(Records contained in a dataset)
# # #
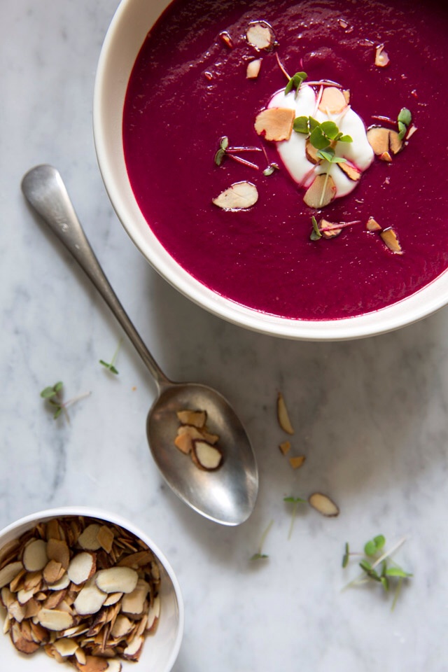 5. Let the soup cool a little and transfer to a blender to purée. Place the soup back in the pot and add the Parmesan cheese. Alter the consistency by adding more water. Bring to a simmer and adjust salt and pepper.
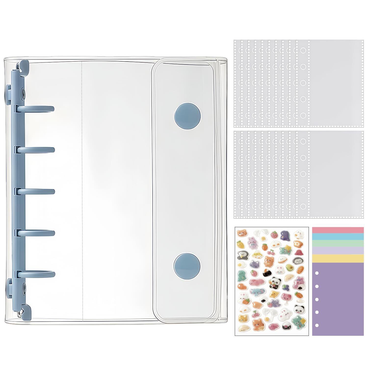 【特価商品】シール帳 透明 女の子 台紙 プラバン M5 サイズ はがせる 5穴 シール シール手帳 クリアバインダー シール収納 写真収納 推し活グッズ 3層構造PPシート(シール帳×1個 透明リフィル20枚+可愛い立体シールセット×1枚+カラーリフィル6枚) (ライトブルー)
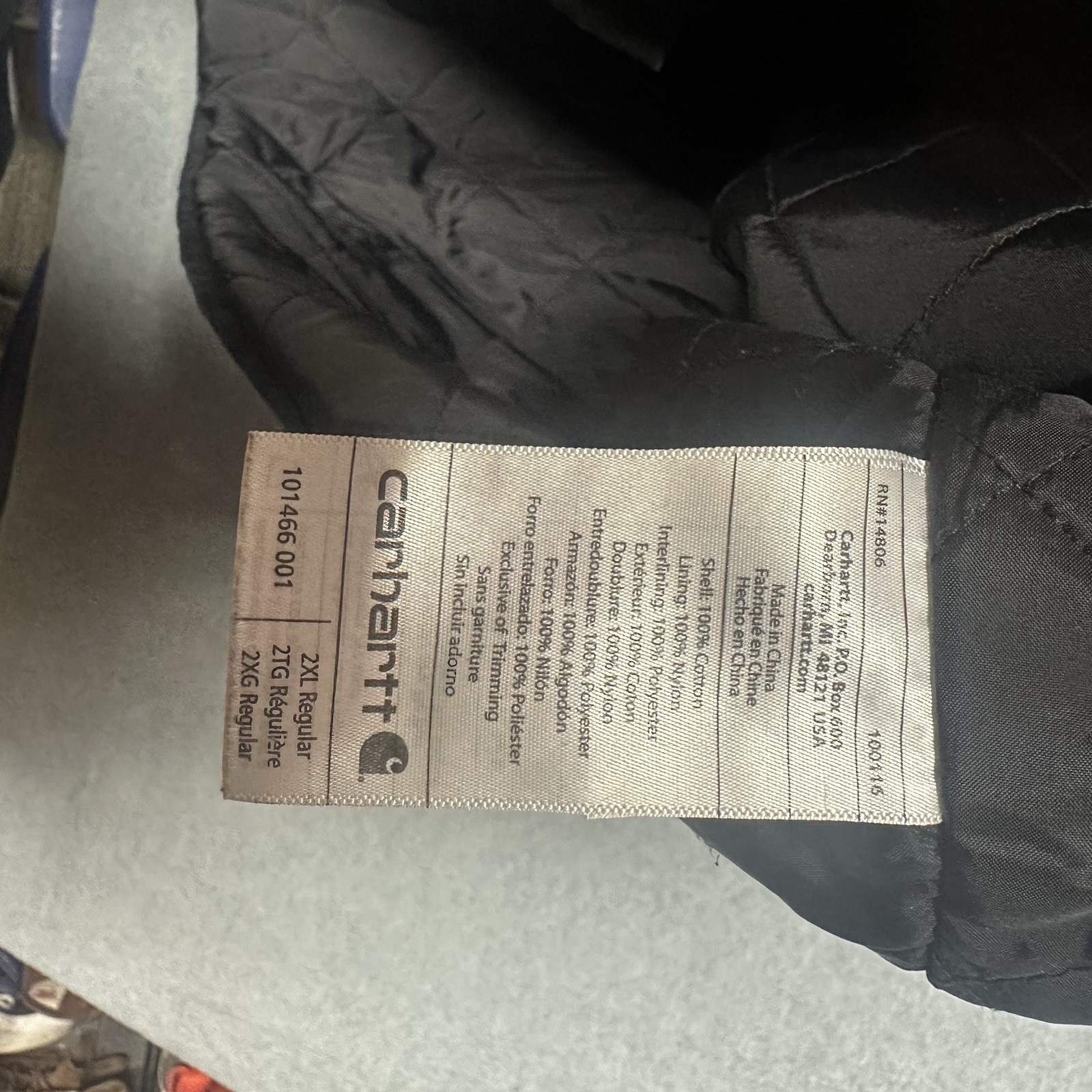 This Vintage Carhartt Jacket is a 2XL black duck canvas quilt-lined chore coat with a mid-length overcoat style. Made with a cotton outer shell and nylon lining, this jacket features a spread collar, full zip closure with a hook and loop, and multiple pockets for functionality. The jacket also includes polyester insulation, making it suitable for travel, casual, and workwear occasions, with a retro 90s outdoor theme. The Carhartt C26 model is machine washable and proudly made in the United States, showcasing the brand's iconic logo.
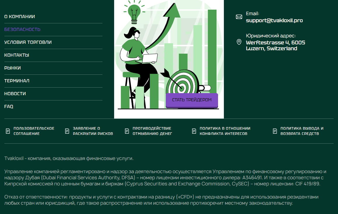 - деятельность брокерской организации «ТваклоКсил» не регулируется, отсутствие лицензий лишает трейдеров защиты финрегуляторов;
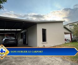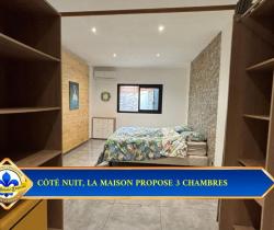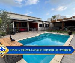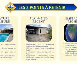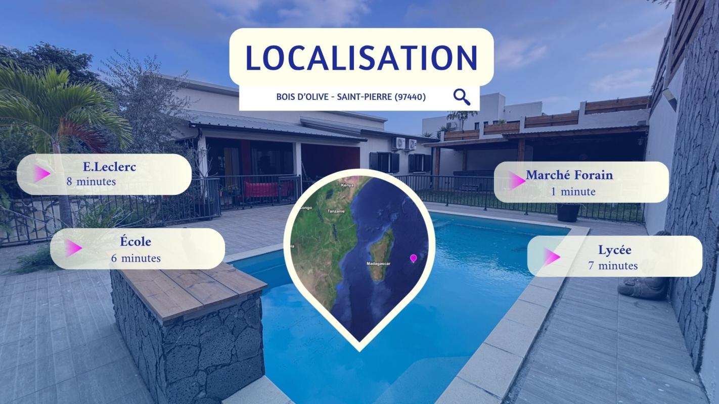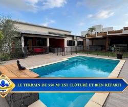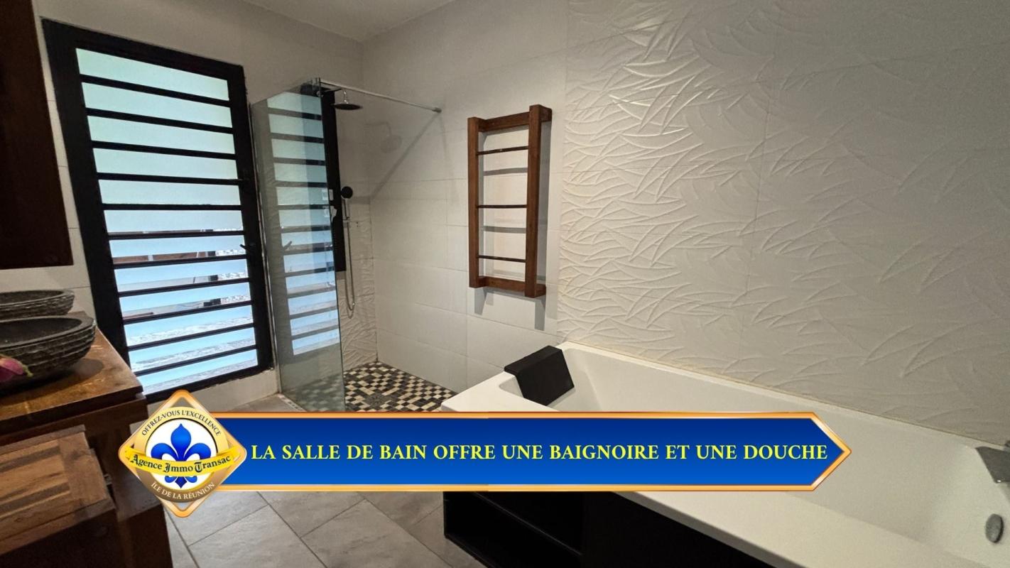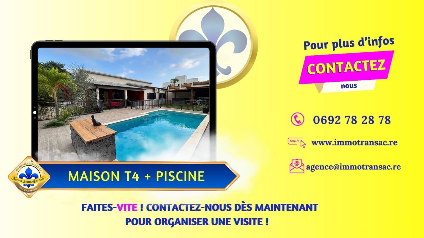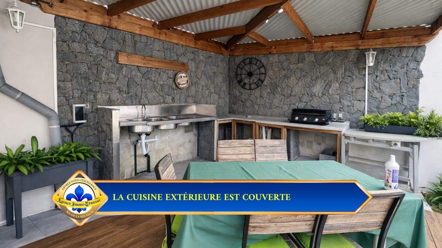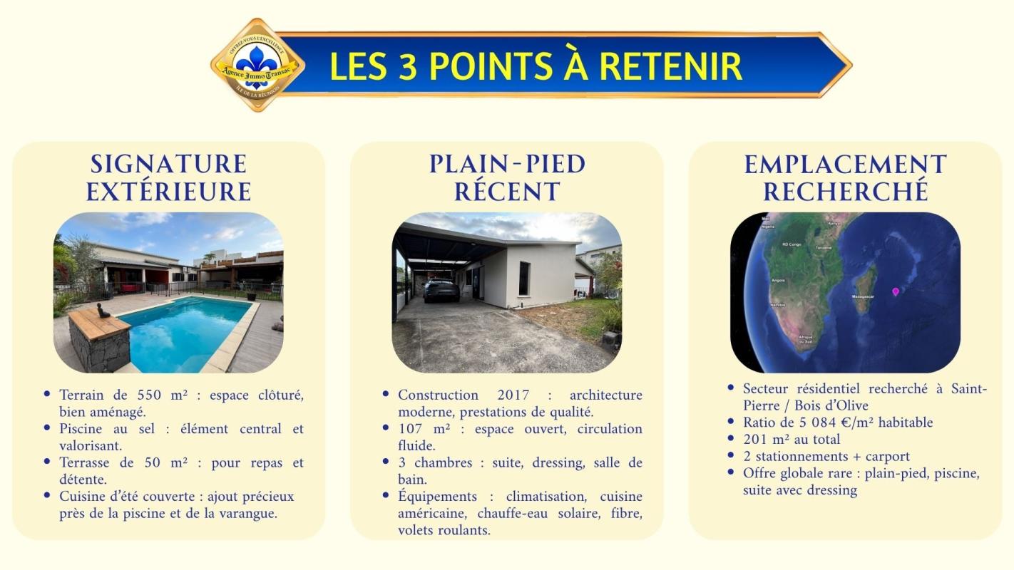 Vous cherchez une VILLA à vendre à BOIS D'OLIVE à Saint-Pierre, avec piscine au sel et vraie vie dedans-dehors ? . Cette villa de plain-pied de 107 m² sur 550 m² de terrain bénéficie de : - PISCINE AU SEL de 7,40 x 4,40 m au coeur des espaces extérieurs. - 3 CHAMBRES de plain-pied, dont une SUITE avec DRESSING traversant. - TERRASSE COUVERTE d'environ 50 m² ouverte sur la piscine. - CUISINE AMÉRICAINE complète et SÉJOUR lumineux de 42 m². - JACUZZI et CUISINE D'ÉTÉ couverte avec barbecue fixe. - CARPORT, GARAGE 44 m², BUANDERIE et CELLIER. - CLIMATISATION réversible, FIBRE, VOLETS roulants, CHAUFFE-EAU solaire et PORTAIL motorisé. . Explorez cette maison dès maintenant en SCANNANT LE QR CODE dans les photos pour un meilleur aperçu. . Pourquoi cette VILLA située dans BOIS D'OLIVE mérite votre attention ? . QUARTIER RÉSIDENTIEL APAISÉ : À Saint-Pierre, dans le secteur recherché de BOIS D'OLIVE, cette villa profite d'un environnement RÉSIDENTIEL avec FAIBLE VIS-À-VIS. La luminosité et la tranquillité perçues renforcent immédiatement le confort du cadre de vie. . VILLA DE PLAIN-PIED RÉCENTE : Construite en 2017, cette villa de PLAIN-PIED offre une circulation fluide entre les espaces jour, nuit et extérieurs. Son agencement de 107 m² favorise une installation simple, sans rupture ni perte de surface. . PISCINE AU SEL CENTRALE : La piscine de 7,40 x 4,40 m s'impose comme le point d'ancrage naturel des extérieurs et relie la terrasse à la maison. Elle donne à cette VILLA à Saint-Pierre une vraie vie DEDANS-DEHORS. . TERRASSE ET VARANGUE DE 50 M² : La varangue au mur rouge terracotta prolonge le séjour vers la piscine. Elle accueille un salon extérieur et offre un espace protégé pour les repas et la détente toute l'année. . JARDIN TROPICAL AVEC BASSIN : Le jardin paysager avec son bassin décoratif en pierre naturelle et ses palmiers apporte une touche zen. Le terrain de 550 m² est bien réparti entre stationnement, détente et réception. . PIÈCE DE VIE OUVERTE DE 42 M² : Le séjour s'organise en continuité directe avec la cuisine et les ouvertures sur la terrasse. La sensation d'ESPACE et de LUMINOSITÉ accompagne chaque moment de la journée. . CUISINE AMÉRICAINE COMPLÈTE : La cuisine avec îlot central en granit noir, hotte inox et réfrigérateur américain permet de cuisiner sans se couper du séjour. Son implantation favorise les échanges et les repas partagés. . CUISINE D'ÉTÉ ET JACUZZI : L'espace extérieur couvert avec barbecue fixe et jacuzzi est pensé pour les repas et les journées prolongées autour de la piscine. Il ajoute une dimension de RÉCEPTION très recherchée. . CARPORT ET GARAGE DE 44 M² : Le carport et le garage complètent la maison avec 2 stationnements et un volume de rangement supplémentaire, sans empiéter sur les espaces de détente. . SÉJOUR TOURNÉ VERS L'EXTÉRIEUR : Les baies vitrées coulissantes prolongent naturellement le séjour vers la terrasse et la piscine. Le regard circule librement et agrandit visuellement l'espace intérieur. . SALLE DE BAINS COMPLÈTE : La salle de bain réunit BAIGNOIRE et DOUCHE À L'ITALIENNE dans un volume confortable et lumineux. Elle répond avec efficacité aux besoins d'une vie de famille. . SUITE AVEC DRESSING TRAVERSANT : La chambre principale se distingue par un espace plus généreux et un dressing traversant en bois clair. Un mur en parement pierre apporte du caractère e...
# # #
For each entry, copy the text exactly and leave out any image it carries.

 5. Let the soup cool a little and transfer to a blender to purée. Place the soup back in the pot and add the Parmesan cheese. Alter the consistency by adding more water. Bring to a simmer and adjust salt and pepper.
 【特価商品】シール帳 透明 女の子 台紙 プラバン M5 サイズ はがせる 5穴 シール シール手帳 クリアバインダー シール収納 写真収納 推し活グッズ 3層構造PPシート(シール帳×1個 透明リフィル20枚+可愛い立体シールセット×1枚+カラーリフィル6枚) (ライトブルー)
 This Vintage Carhartt Jacket is a 2XL black duck canvas quilt-lined chore coat with a mid-length overcoat style. Made with a cotton outer shell and nylon lining, this jacket features a spread collar, full zip closure with a hook and loop, and multiple pockets for functionality. The jacket also includes polyester insulation, making it suitable for travel, casual, and workwear occasions, with a retro 90s outdoor theme. The Carhartt C26 model is machine washable and proudly made in the United States, showcasing the brand's iconic logo.
 - деятельность брокерской организации «ТваклоКсил» не регулируется, отсутствие лицензий лишает трейдеров защиты финрегуляторов;
 Vous cherchez une VILLA à vendre à BOIS D'OLIVE à Saint-Pierre, avec piscine au sel et vraie vie dedans-dehors ? . Cette villa de plain-pied de 107 m² sur 550 m² de terrain bénéficie de : - PISCINE AU SEL de 7,40 x 4,40 m au coeur des espaces extérieurs. - 3 CHAMBRES de plain-pied, dont une SUITE avec DRESSING traversant. - TERRASSE COUVERTE d'environ 50 m² ouverte sur la piscine. - CUISINE AMÉRICAINE complète et SÉJOUR lumineux de 42 m². - JACUZZI et CUISINE D'ÉTÉ couverte avec barbecue fixe. - CARPORT, GARAGE 44 m², BUANDERIE et CELLIER. - CLIMATISATION réversible, FIBRE, VOLETS roulants, CHAUFFE-EAU solaire et PORTAIL motorisé. . Explorez cette maison dès maintenant en SCANNANT LE QR CODE dans les photos pour un meilleur aperçu. . Pourquoi cette VILLA située dans BOIS D'OLIVE mérite votre attention ? . QUARTIER RÉSIDENTIEL APAISÉ : À Saint-Pierre, dans le secteur recherché de BOIS D'OLIVE, cette villa profite d'un environnement RÉSIDENTIEL avec FAIBLE VIS-À-VIS. La luminosité et la tranquillité perçues renforcent immédiatement le confort du cadre de vie. . VILLA DE PLAIN-PIED RÉCENTE : Construite en 2017, cette villa de PLAIN-PIED offre une circulation fluide entre les espaces jour, nuit et extérieurs. Son agencement de 107 m² favorise une installation simple, sans rupture ni perte de surface. . PISCINE AU SEL CENTRALE : La piscine de 7,40 x 4,40 m s'impose comme le point d'ancrage naturel des extérieurs et relie la terrasse à la maison. Elle donne à cette VILLA à Saint-Pierre une vraie vie DEDANS-DEHORS. . TERRASSE ET VARANGUE DE 50 M² : La varangue au mur rouge terracotta prolonge le séjour vers la piscine. Elle accueille un salon extérieur et offre un espace protégé pour les repas et la détente toute l'année. . JARDIN TROPICAL AVEC BASSIN : Le jardin paysager avec son bassin décoratif en pierre naturelle et ses palmiers apporte une touche zen. Le terrain de 550 m² est bien réparti entre stationnement, détente et réception. . PIÈCE DE VIE OUVERTE DE 42 M² : Le séjour s'organise en continuité directe avec la cuisine et les ouvertures sur la terrasse. La sensation d'ESPACE et de LUMINOSITÉ accompagne chaque moment de la journée. . CUISINE AMÉRICAINE COMPLÈTE : La cuisine avec îlot central en granit noir, hotte inox et réfrigérateur américain permet de cuisiner sans se couper du séjour. Son implantation favorise les échanges et les repas partagés. . CUISINE D'ÉTÉ ET JACUZZI : L'espace extérieur couvert avec barbecue fixe et jacuzzi est pensé pour les repas et les journées prolongées autour de la piscine. Il ajoute une dimension de RÉCEPTION très recherchée. . CARPORT ET GARAGE DE 44 M² : Le carport et le garage complètent la maison avec 2 stationnements et un volume de rangement supplémentaire, sans empiéter sur les espaces de détente. . SÉJOUR TOURNÉ VERS L'EXTÉRIEUR : Les baies vitrées coulissantes prolongent naturellement le séjour vers la terrasse et la piscine. Le regard circule librement et agrandit visuellement l'espace intérieur. . SALLE DE BAINS COMPLÈTE : La salle de bain réunit BAIGNOIRE et DOUCHE À L'ITALIENNE dans un volume confortable et lumineux. Elle répond avec efficacité aux besoins d'une vie de famille. . SUITE AVEC DRESSING TRAVERSANT : La chambre principale se distingue par un espace plus généreux et un dressing traversant en bois clair. Un mur en parement pierre apporte du caractère e...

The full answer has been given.